### [MATERIAL FOR THE TASK]
------------------------------------------------

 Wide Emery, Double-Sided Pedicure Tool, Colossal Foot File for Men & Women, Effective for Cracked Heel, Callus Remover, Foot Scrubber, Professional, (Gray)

------------------------------------------------

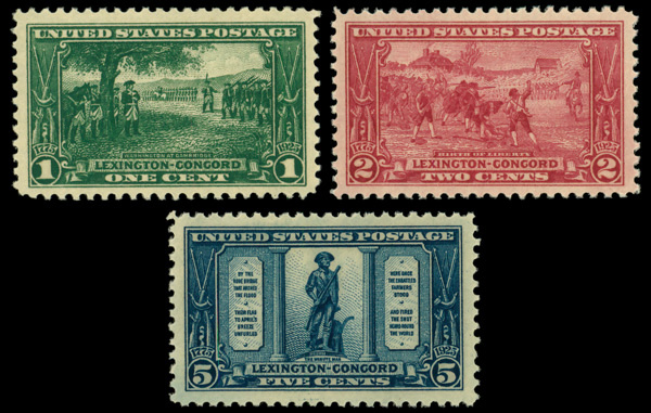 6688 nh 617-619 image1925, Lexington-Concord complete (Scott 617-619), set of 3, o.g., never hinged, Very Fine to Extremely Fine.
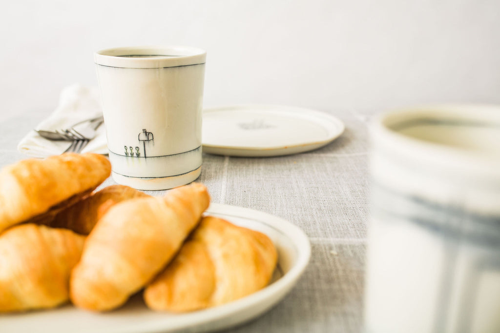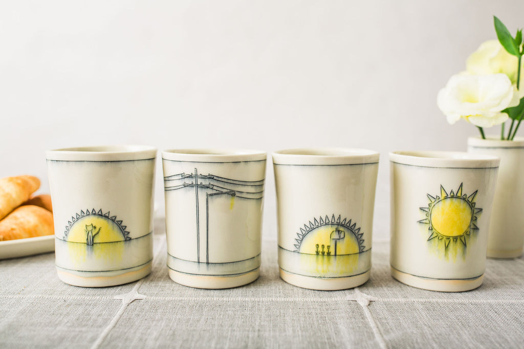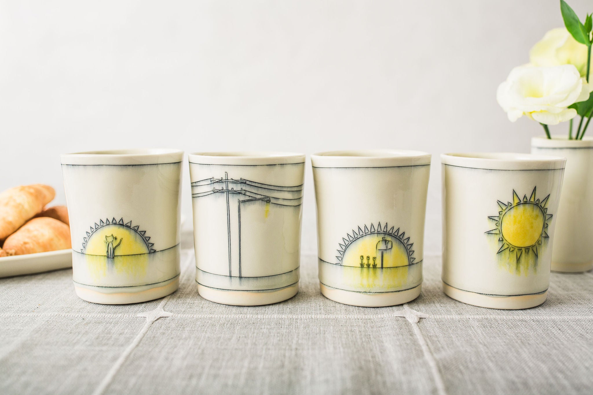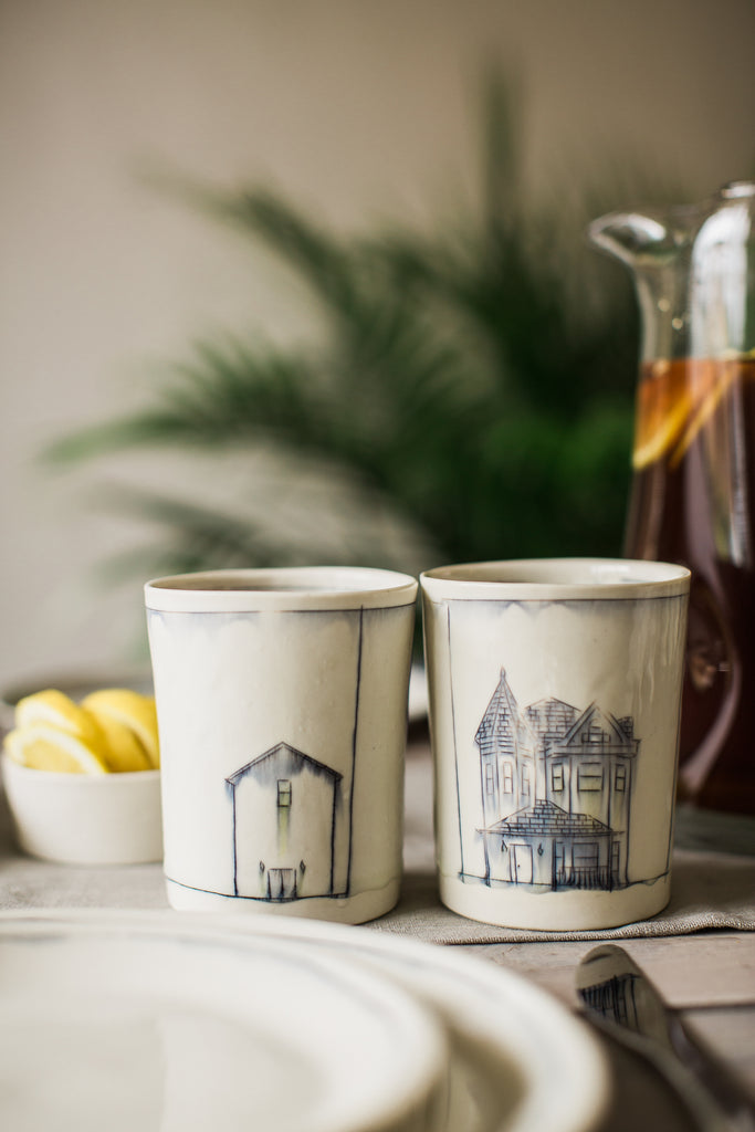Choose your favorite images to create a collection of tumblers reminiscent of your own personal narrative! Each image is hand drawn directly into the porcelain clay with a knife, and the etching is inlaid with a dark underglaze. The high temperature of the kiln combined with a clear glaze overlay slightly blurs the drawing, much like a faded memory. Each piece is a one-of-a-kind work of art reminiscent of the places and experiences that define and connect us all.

------------------------------------------------

### [TASK TO COMPLETE]
Pictures excluded, reproduce only the part above that opens with the line holding "6688 nh 617-619" and closes with the line holding "Choose your favorite", exactly as written.

### [WRITTEN RESPONSE]
 6688 nh 617-619 image1925, Lexington-Concord complete (Scott 617-619), set of 3, o.g., never hinged, Very Fine to Extremely Fine.
Choose your favorite images to create a collection of tumblers reminiscent of your own personal narrative! Each image is hand drawn directly into the porcelain clay with a knife, and the etching is inlaid with a dark underglaze. The high temperature of the kiln combined with a clear glaze overlay slightly blurs the drawing, much like a faded memory. Each piece is a one-of-a-kind work of art reminiscent of the places and experiences that define and connect us all.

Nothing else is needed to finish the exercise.